Debate continues on police-fire project

BRATTLEBORO—With two months remaining until Town Meeting, the Brattleboro Selectboard is in the home stretch on the town budget for fiscal year 2016.

According to a memo to the board from Assistant Town Manager Patrick Moreland, the budget shows a moderate increase of $39,628 over the current fiscal year.

If Representative Town Meeting members pass it as is, the $15,721,494 budget would yield a municipal tax rate of $1.1902 per $100 of assessed property value. That represents a rate increase of 2.47 cents over the previous year.

That said, this tax rate could decrease to $1.1381 should Town Meeting Members enact the ever-discussed but never-approved, 1-percent local option sales tax.

According to estimates from Finance Director John O’Connor, the 1 percent tax would add $600,000 to municipal coffers.

In an environment of increasing property taxes and, for many breadwinners, stagnant wages, the selectboard has wrestled with balancing the budget, delivering municipal services, and keeping the tax rate down.

Voters in April 2014 nixed the budget in a special townwide referendum a month after Town Meeting Members approved it.

Board members and department heads started discussing the proposed FY16 budget last autumn.

Solid waste expenses will decrease for FY16. New statewide legislation mandates that towns shift to pay-as-you-throw (PAYT) trash disposal systems.

Starting with the new fiscal year, Brattleboro residents will purchase marked trash bags from the town rather than pay for trash pickup through taxes. As a result, the town has decreased its solid waste expense by $451,145. This decrease meant a cut of $0.039 from the tax rate.

According to O’Connor, union contracts with the town expire this year. Unsure what the renegotiated contracts will contain, the town has included a potential 2-percent pay increase, totaling $130,000, for all employees in the FY16 budget.

One expense on the horizon includes an estimated $450,000 in repairs due to Municipal Center fire and life safety issues.

According to Moreland in a memo, a state Division of Fire Safety inspection of the Municipal Center last March revealed multiple problems.

The inspectors’ biggest concern centered on egress and how quickly people could exit the building in the event of a a fire.

Installing a sprinkler system throughout the building, adding fire-proofing, and updating the fire alarm system are among the changes the town is asked to make.

The FY16 budget includes $828,000 for capital needs over five years.

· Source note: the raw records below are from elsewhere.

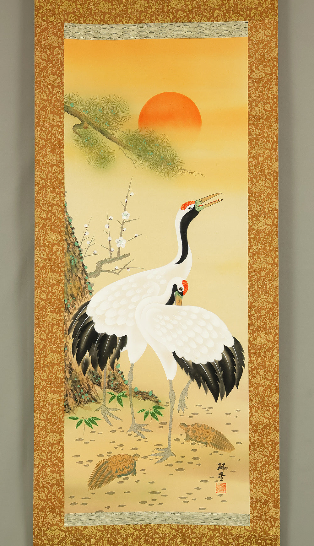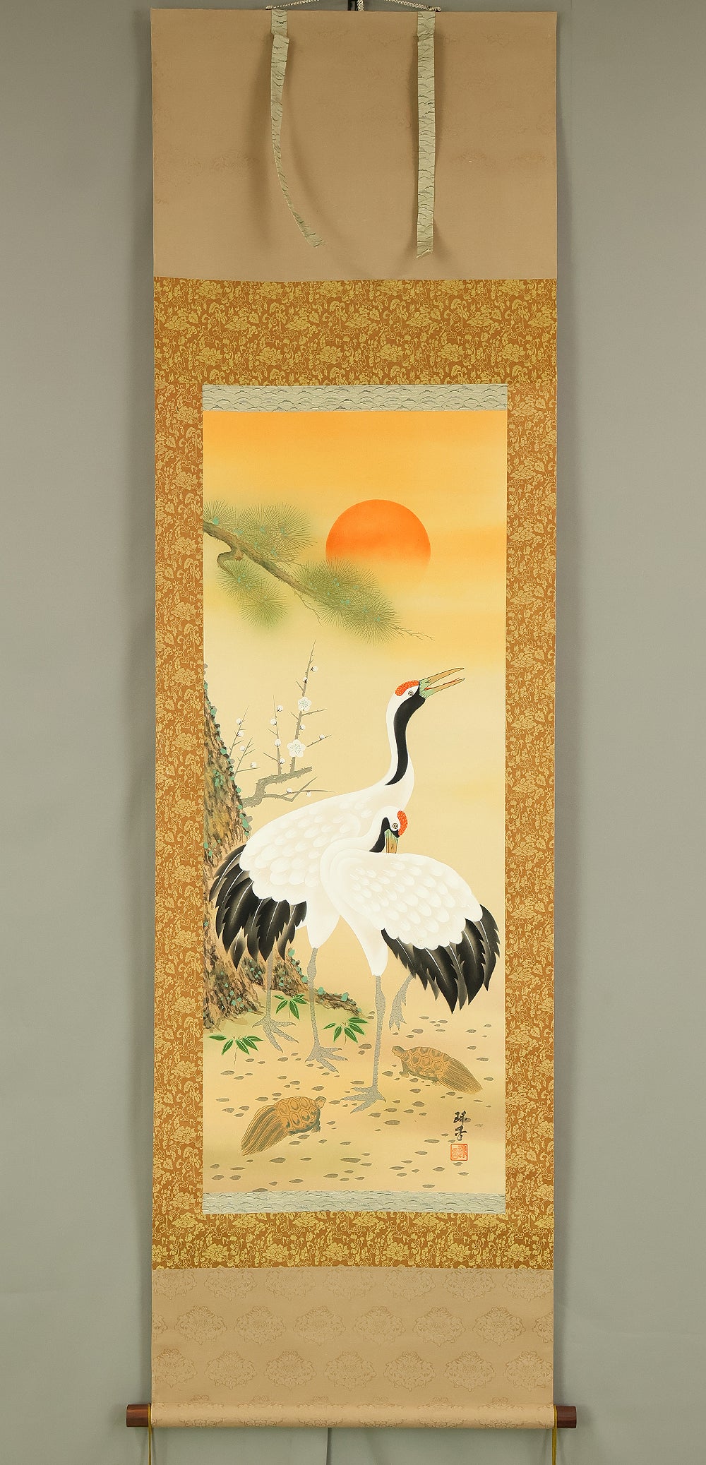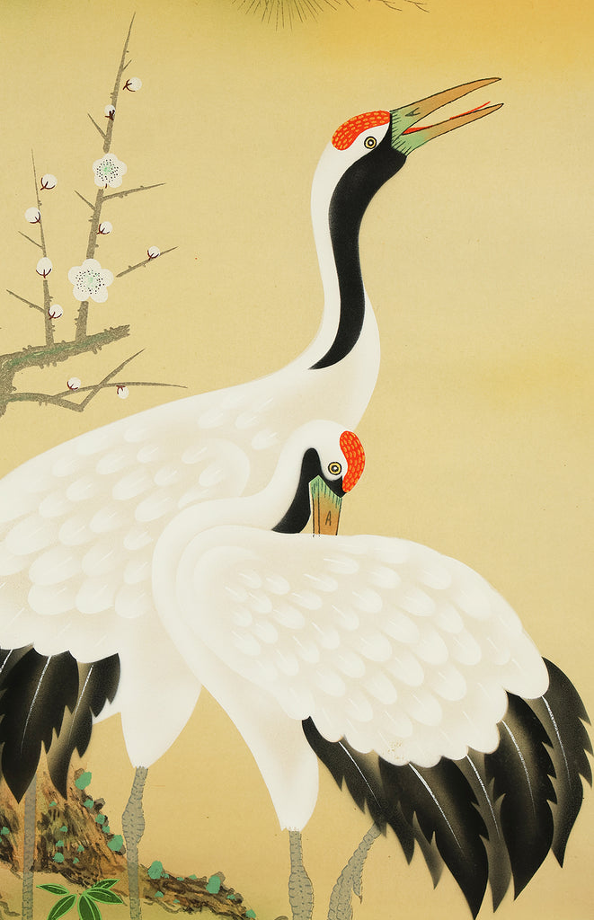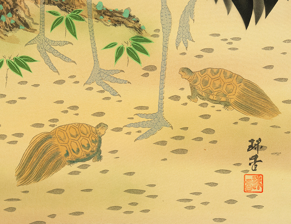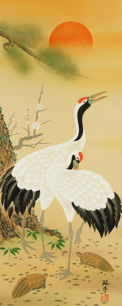 珠香 Juko Japanese art kakejiku kakemono wall hanging scroll / Cranes and Turtle Celebrating Longevity - The Symbol of Good Fortune with Original Box (Tomobako) RE373
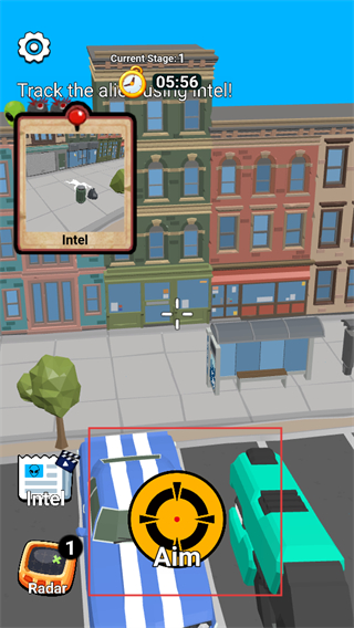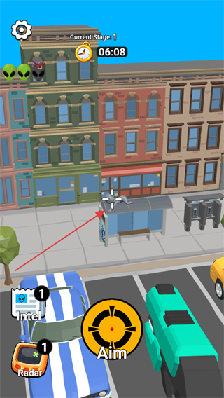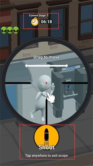 2、通过“Aim”瞄准功能锁定外星人,进入瞄准镜视角后,拖动调整瞄准位置,点击“Shoot”按钮射击,消灭外星人。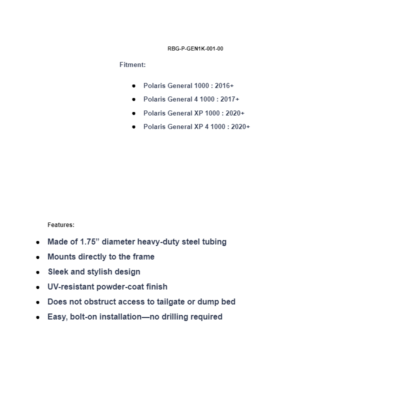 Tough jobs and rough riding are all part of the game for your Polaris General. But just because it’s rugged doesn’t mean this machine is impervious to dents and scratches. Protect your back end with a SuperATV Rear Bumper. It fends off rocks, stumps, and whatever else you may accidentally back into while you’re on the go. Installation is super easy, and did we mention it makes your General look even tougher?

It also contains $140,204 for interest payments should the town elect to borrow $4.7 million toward the Police-Fire Facilities Upgrade Project.

The town would use the additional bond funds to complete work on the Central Fire Station on Elliot Street, and Station 2 in West Brattleboro, and potentially moving the police department to a different building.

Despite extensive discussions at Selectboard meetings and in the press, members of the public at the Jan. 6 Selectboard meeting said that the Police-Fire Facilities Upgrade Project had not received sufficient public discussion or outreach.

District 3 Town Meeting Member Judith Davidson said that absent a public process, the town should halt process on the next phase of the police-fire project, or applying the $140,000 toward interest payments in the budget.

Davidson said it seemed to her last year’s special budget referendum was a vote on the police-fire project.

She added that she believes the public lacks understanding about the reasoning behind the project and that the town should hold “a really thorough public process on all three parts” — the police station, Central Station, and Station 2.

District 2 Town Meeting Member George Reed-Savory agreed. “I think it would be important to the community to open this back up,” he said of public discussion.

Selectboard Chair David Gartenstein said the town was completely up front about the project’s costs and its effect on property taxes.

“There was a great public participation on the police-fire project,” he said. He added that it’s not fair that the budget has been held hostage, and explained one way to pay for the police-fire project is to pass the 1-percent local option sales tax.